A heap is a table without a clustered index. Heaps have one row in sys.partitions, with index_id = 0 for each partition used by the heap. By default, a heap has a single partition. When a heap has multiple partitions, each partition has a heap structure that contains the data for that specific partition. For example, if a heap has four partitions, there are four heap structures; one in each partition.

Heaps have one row in sysindexes with indid = 0. The column sysindexes.FirstIAM points to the first IAM page in the chain of IAM pages that manage the space allocated to the heap. Microsoft® SQL Server™ 2000 uses the IAM (Index Allocation Map) pages to navigate through the heap. The data pages and the rows within them are not in any specific order, and are not linked together. The only logical connection between data pages is that recorded in the IAM pages.

Index Structure

All SQL Server indexes are B-Trees. There is a single root page at the top of the tree, branching out into N number of pages at each intermediate level until it reaches the bottom, or leaf level, of the index. The index tree is traversed by following pointers from the upper-level pages down through the lower-level pages. In addition, each index level is a separate page chain.There may be many intermediate levels in an index. The number of levels is dependent on the index key width, the type of index, and the number of rows and/or pages in the table. The number of levels is important in relation to index performance.

Nonclustered Indexes

A nonclustered index is analogous to an index in a textbook. The data is stored in one place, the index in another, with pointers to the storage location of the data. The items in the index are stored in the order of the index key values, but the information in the table is stored in a different order (which can be dictated by a clustered index). If no clustered index is created on the table, the rows are not guaranteed to be in any particular order.

Similar to the way you use an index in a book, Microsoft® SQL Server™ 2000 searches for a data value by searching the nonclustered index to find the location of the data value in the table and then retrieves the data directly from that location. This makes nonclustered indexes the optimal choice for exact match queries because the index contains entries describing the exact location in the table of the data values being searched for in the queries. If the underlying table is sorted using a clustered index, the location is the clustering key value; otherwise, the location is the row ID (RID) comprised of the file number, page number, and slot number of the row.
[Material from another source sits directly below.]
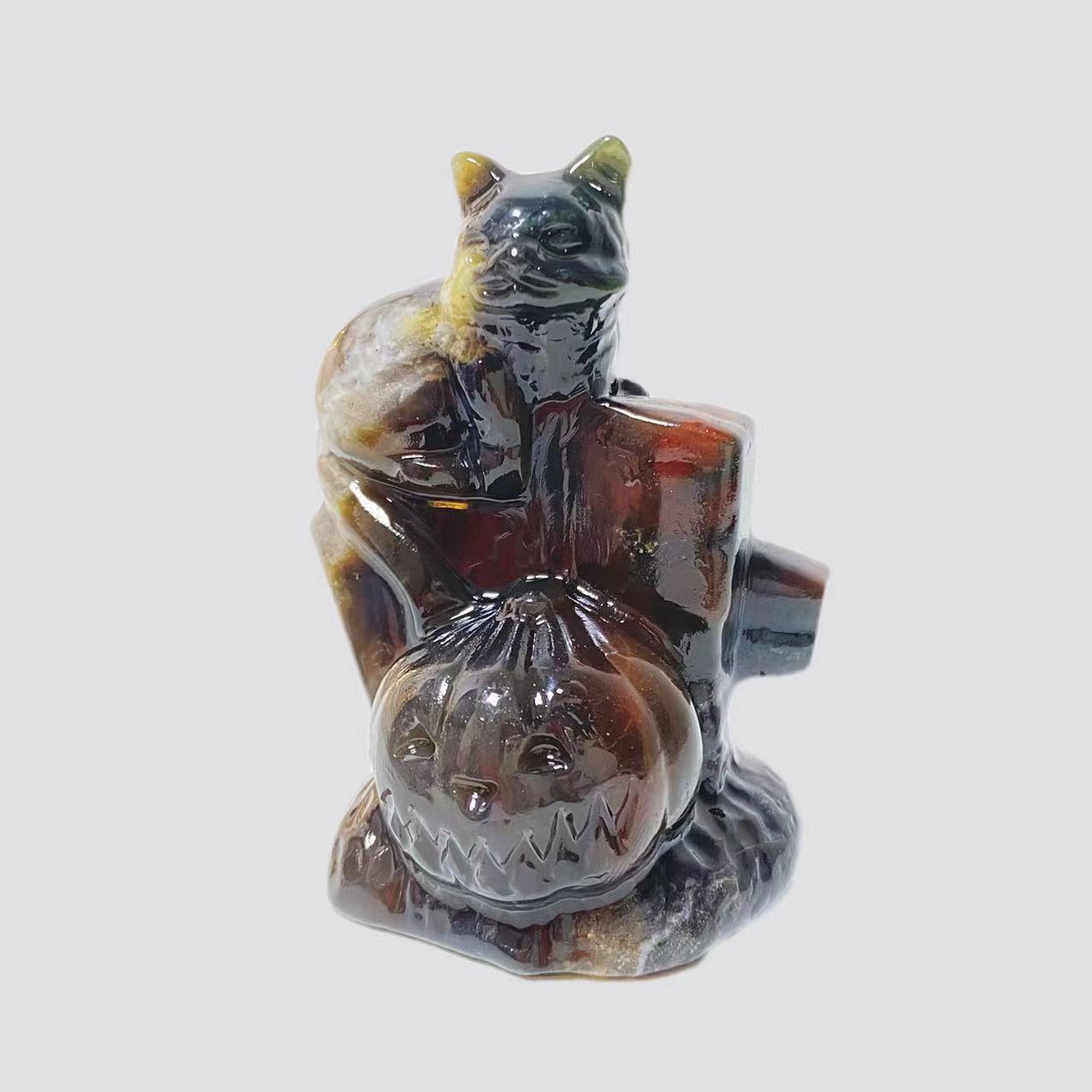 Cat with pumpkin carving

For example, to search for an employee ID (emp_id) in a table that has a nonclustered index on the emp_id column, SQL Server looks through the index to find an entry that lists the exact page and row in the table where the matching emp_id can be found, and then goes directly to that page and row.

Considerations

Consider using nonclustered indexes for:

  • Columns that contain a large number of distinct values, such as a combination of last name and first name (if a clustered index is used for other columns). If there are very few distinct values, such as only 1 and 0, most queries will not use the index because a table scan is usually more efficient.
  • Queries that do not return large result sets.
  • Columns frequently involved in search conditions of a query (WHERE clause) that return exact matches.
  • Decision-support-system applications for which joins and grouping are frequently required. Create multiple nonclustered indexes on columns involved in join and grouping operations, and a clustered index on any foreign key columns.
  • Covering all columns from one table in a given query. This eliminates accessing the table or clustered index altogether.

Clustered Indexes

A clustered index determines the physical order of data in a table. A clustered index is analogous to a telephone directory, which arranges data by last name. Because the clustered index dictates the physical storage order of the data in the table, a table can contain only one clustered index. However, the index can comprise multiple columns (a composite index), like the way a telephone directory is organized by last name and first name. Clustered Indexes are very similar to Oracle’s IOT’s (Index-Organized Tables).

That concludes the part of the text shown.